Tüm dünyada fırlatma koltuğu alarmı...

Ankara F-35 ortaklığından resmen çıkarıldıktan sonra Millî Muharip Uçak projesine dört elle sarılırken, hem TUSAŞ hem de Baykar, muharip insansız savaş uçaklarını hayata geçirme sürecine hız verdi. Baykar, KIZILELMA ile yakında testlere başlayacak. TUSAŞ ise savaşan İHA projesinde gelinen noktayı henüz kamuoyuna açıklamadı. Havacılıkta boyut değiştirmenin eşiğindeki Türkiye, devrim niteliğinde adımları sabır ve özveriyle atmaya devam ederken geçtiğimiz haftalarda meşhur F-35’lerden bir haber daha geldi.

8)ABD’nin Utah eyaletindeki Hill Hava Üssü’nde rutin bakımlar sırasında bir F-35’in fırlatma koltuğunda inceleme yapan teknisyen, koltuğun havaya uçmasını sağlayan patlayıcı kartuşun gereğinden fazla hafif olduğunu fark etti. Yapılan incelemeler, teknisyeni şüphesinde haklı çıkardı. Kartuşun ateşlenmesini sağlayan magnezyum ve patlayıcı madde çok düşük bir seviyedeydi. Hemen diğer uçakların incelemesine geçildi. Şimdiye dek 850’ye yakın F-35 üretimi gerçekleştiren Lockheed Martin, müşterilerine kartuş hatasına ilişkin uyarı mesajı yolladı. Dünya genelindeki tüm F-35’lerde fırlatma koltuklarının altındaki düzenekler çıkarılıp testlere tâbî tutuldu. Amerikan ordusu bununla da yetinmeyip envanterindeki diğer savaş uçaklarının bazılarını da (F-18, F-5, Super Hornet, T-45) kontrol etmeye karar verdi. Elden geçirilen uçak sayısının 2 bin 700’ü bulduğu iddia ediliyor.

Gökdoğan’da 100 kilometre müjdesi

Gökdoğan’da 100 kilometre müjdesi

Bu esnada Savunma Sanayii Başkanı İsmail Demir, Türkiye’nin ilk millî görüş ötesi hava-hava füzesi olan GÖKDOĞAN’da menzilin 100 kilometreyi geçtiği bilgisini dünyaya duyurdu.
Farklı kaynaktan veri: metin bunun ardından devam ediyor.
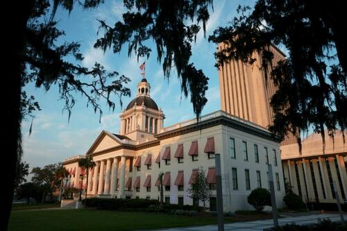 The Florida Historic Capitol sits near the 22-story New Capitol building, which together are part of the Capitol Complex in Tallahassee, Fla., on July 26, 2023. Joe Raedle/Getty Images
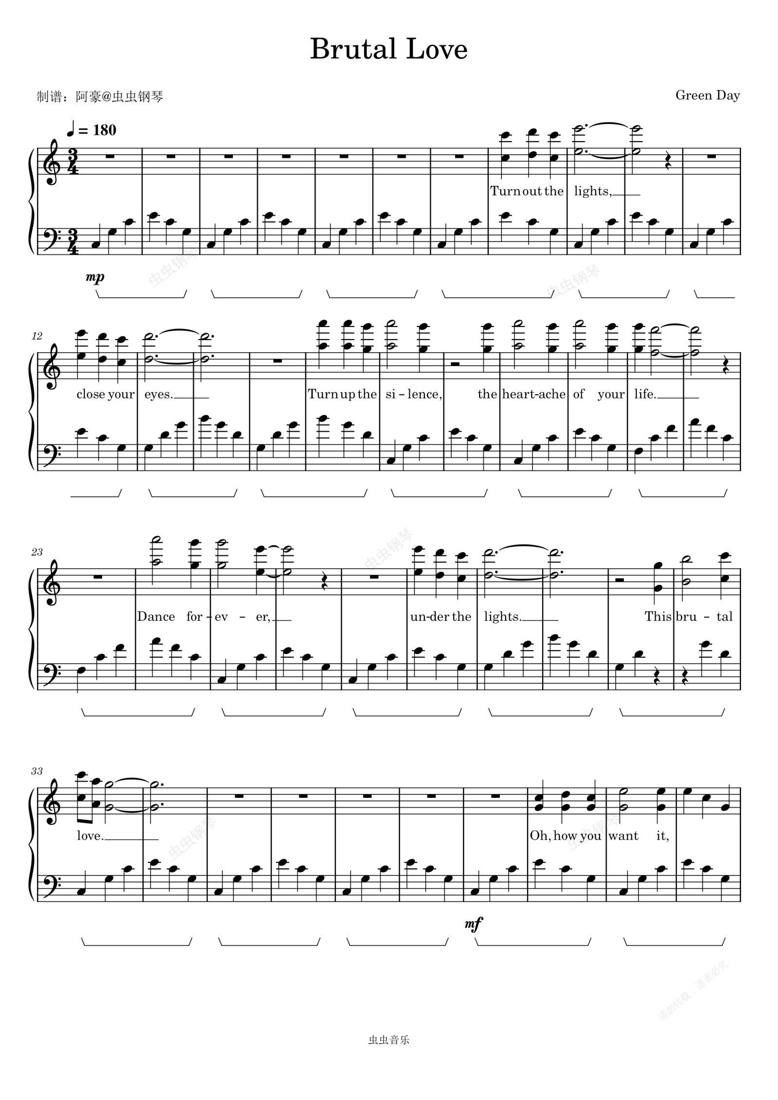 钢琴谱:Brutal Love - Green Day (绿日乐队)

Bu mesajı Türk milletinin dışında Amerikalı, İsrailli, Yunan, Fransız, Rus ve İranlılar da dikkatle dinledi. Söz konusu bilgi, GÖKDOĞAN taşıyan bir F-16, AKINCI, AKSUNGUR yahut KIZILELMA’nın havadaki hedefini 100 kilometre mesafeden vurabileceği anlamına geliyordu. Amerikan AIM-120 füzelerinden bile daha uzun bir menzile ulaşan GÖKDOĞAN, ayak sesleri giderek yaklaşmakta olan ramjet motor teknolojili GÖKHAN füzesinin yeteneklerine dair umutları da artırdı. GÖKDOĞAN’ın 100’lük menzili, bir üst sınıftaki GÖKHAN’ın 200 kilometrenin üzerinde bir yetkinliğe rahatlıkla ulaşacağını gözler önüne serdi. Bu arada Bayraktar TB2 SİHA üretimi için yılda 240 adet gibi çılgın bir hedef açıklayan Baykar, 2023’te testleri tamamlanacak KIZILELMA’dan da yılda 36 adet imâl edebilmeyi hedefliyor. KIZILELMA MİUS, insansız uçak destekli operasyon konsepti doğrultusunda insanlı jetlere (F-16 ve Milli Muharip Uçak) eşlik edecek. Buna ilişkin makul oranın ‘bir insanlı uçağa, 20 adet insansız uçak’ olduğu söyleniyor.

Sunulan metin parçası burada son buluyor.